Global manufacturing currently faces challenges from geopolitical tensions to material shortages and a decreasing workforce. These challenges generate opportunities. Danish manufacturing companies are reconsidering strategies, favouring digitally driven, resilient operations while seeking to also strengthen their capabilities to handle High-Mix Low-Volume (HMLV) manufacturing. In MADE REACT, 15 companies and experts from five Danish universities and three RTOs will collaborate to explore AI, digital twins, advanced robotics, and real-time data-driven decision-making. REACT will focus on manufacturing challenges inside the manufacturing ecosystem divided into Factory-, Cell and Process level. A coordinated set of research activities will be initiated within these levels in combination with digital research going across all levels. Demonstration environments around the three levels will be established. These will enable integration of research results in realistic scenarios, and will increase visibility, facilitate dissemination and hence enhance impact. By this, MADE REACT will enable Danish manufacturing to be the most efficient in the world for the Resilient High-Mix Low-Volume (RHMLV) manufacturing of the future.
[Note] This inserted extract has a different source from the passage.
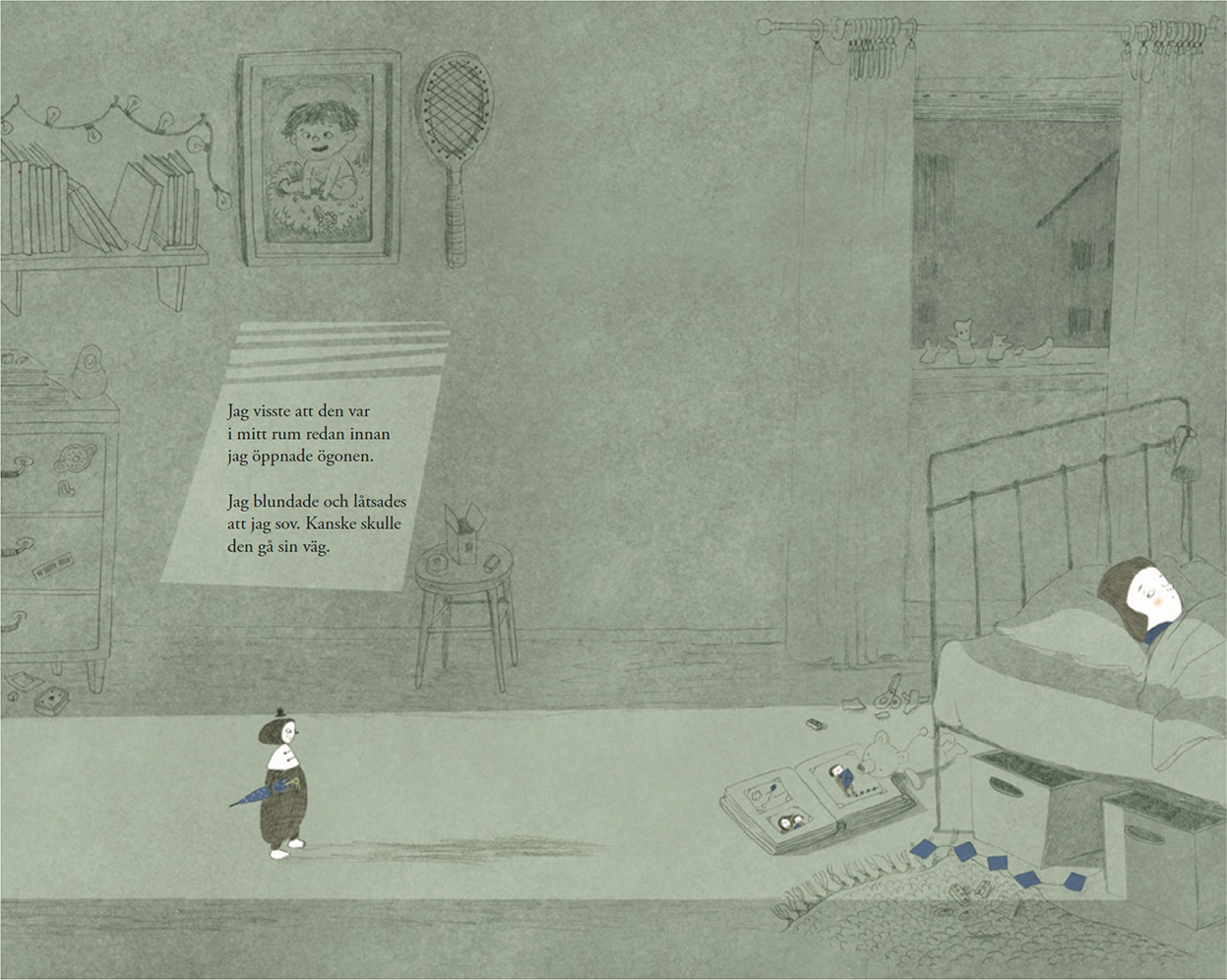 Mamman nämns bara en gång i texten, när barnet frågar skuggan om den sett mamman. Däremot syns mamman på bild flera gånger och är i bilderna starkt sammankopplad med draken på försättsbladet. Det föranleder, om inte friktion, i alla fall en öppenhet och viss obestämbarhet. På det första uppslaget (se bild 1) kan vi till exempel se ett fotoalbum med bilder på mamman och barnet, på draken och på barnet med draken i famnen. Dessa detaljer framträder då de, till skillnad från den i övrigt grågröna sidan, är färglagda i blått. Den blå draken skymtar även under barnets säng och skuggans paraply har samma klara blå färg och samma mönster som draken som flygs på försättsbladet. Här förekommer alltså en tydlig koppling även mellan skuggan och mamman, men hur denna koppling ska tolkas är öppet.

The project builds on Manufacturing's Academy of Denmark’s (MADE), strong experience and capabilities in bridging academic research to industrial practice by governing all stakeholders from academia over RTOs, technology providers and system integrators to end users. This follows a series of previous projects called MADE SPIR, MADE Digital and MADE FAST.

At AU we closely collaborate with CIM, Novo Nordisk, Grundfos and LEGO and we lead a Work Package called “Digital Integration and Decision Support”, where the goal is that we will:

  1. Establish digital twin capabilities at all levels of the manufacturing system with research as extensions of tools e.g., TensorFlow, CatchAI and DTaaS.
  2. Target optimal presentation of real-time manufacturing data to provide the right information about the production status to different stakeholders to enable them to take action when necessary.
  3. Determine autonomy possibilities by exploring when it is possible to take decisions autonomously at all levels of manufacturing (without human involvement).
  4. Update the operational manufacturing setup with MLOps capabilities to enable the learned models to be deployed in an operational manufacturing setting (including PLCs) in an automated fashion.
  5. Enable real-time fault detection and reporting to detect faults in the manufacturing system at a specific level and reporting to the right stakeholders who will be able to take corrective actions (if necessary).